С громким хрустом ломается сушка в его сильных пальцах.
— Вы правы, мой друг, в настоящее время окончился первый, так сказать, подготовительный период войны. Вместе с ним окончился период наших тактических отступлений, и надо сознаться, некоторых неудач! — Курпопаткин вонзает взгляд в наместника, будто продолжая давний спор с Алексеевым, — Когда после дождей всё подсохнет, начнётся второй период — период наступления. А пока — антракт.
— Но японцы успеют укрепиться на новых позициях, пополнить свои поредевшие ряды. Создать резервы… Усилить давление на Порт-Артур, — удивляюсь я.
— Мы тоже не сидим на месте, ротмистр, — довольно сухо отвечает командующий. — У вас есть конкретные предложения?
— Ваш рейд по тылам противника, Николай Михалыч, на многих произвел впечатление, — вот и Алексеев вступил в разговор, — но, какими силами его повторить? От вашего эскадрона особого назначения осталась буквально горстка солдат.
— Эскадрон можно восстановить. Я, и большая часть моих уцелевших товарищей готовы с утра до ночи заниматься боевой учебой с новым личным составом. Но мы были бы гораздо эффективнее, если бы занимались разведкой и диверсиями, а не затыкали дырки в окопах! — в сердцах выкладываю я.
Куропаткин задумчиво барабанит пальцами по столу, он явно хотел резко мне возразить, но сдержался.
— Алексей Николаич, признаю, дырку в окопах своим эскадроном я затыкал по собственной инициативе.
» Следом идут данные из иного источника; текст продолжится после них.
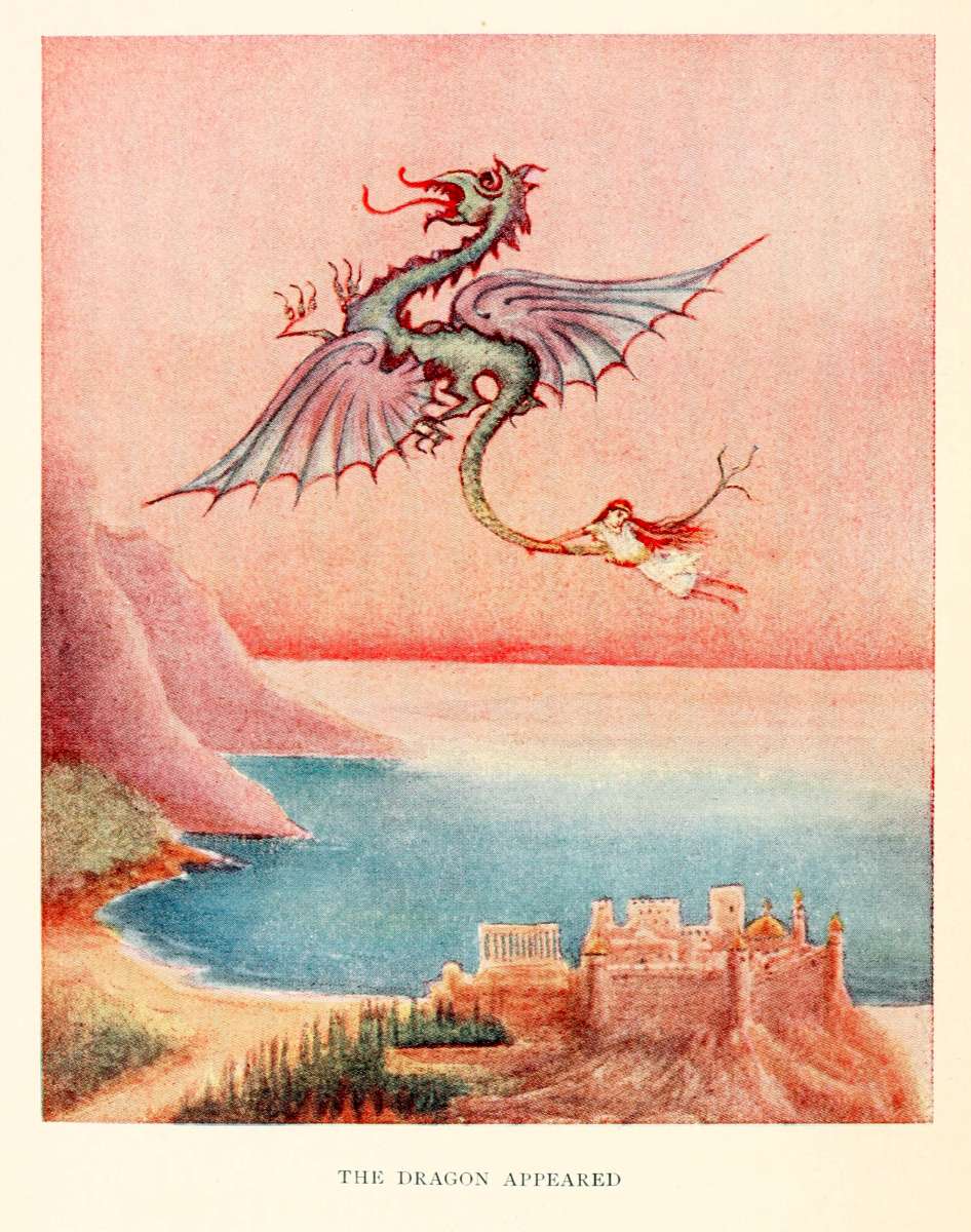 [235]There was once upon a time a King who had three sons and one daughter. Not far from the King's palace there was a large garden, and in this garden lived a dragon. The King told his children never to go into the garden lest they should be caught by the dragon, which had wings. But one evening the youngest of the King's sons, whose name was Orestes, went with his sister into the garden and began to play. No sooner had they begun to play than the dragon appeared, and seizing the little Princess with its tail, flew away into the air and took her to a high mountain which no one could climb.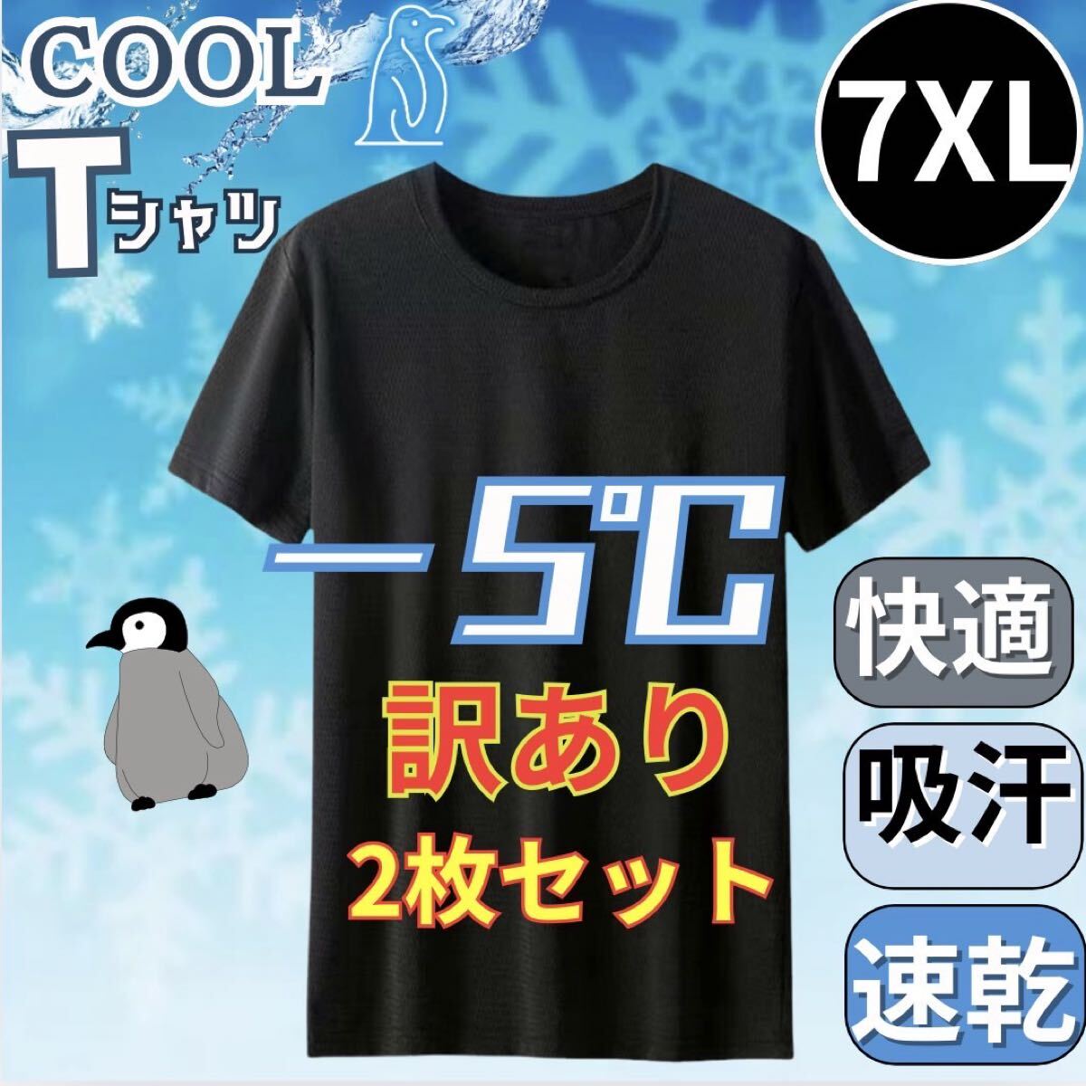 - 7XL Tシャツ 黒 接触冷感 ブラック カットソー トップス 半袖 ドライ 熱中症対策 無地 丸首 大きめサイズ メンズ スポーツインナー2枚

Мне казалось, того требует непосредственная оперативная обстановка и риск прорыва японцами наших позиций.
Да, похоже, именно это мое решение хотел мне только что поставить в упрек командующий.
— Зато, Алексей Николаич, — вмешивается вновь в разговор наместник, — благодаря самоуправству нашего героического ротмистра, удалось избежать столь опасаемого тобою Седана.
— Окружение нашей армии было бы катастрофой похлеще Седана.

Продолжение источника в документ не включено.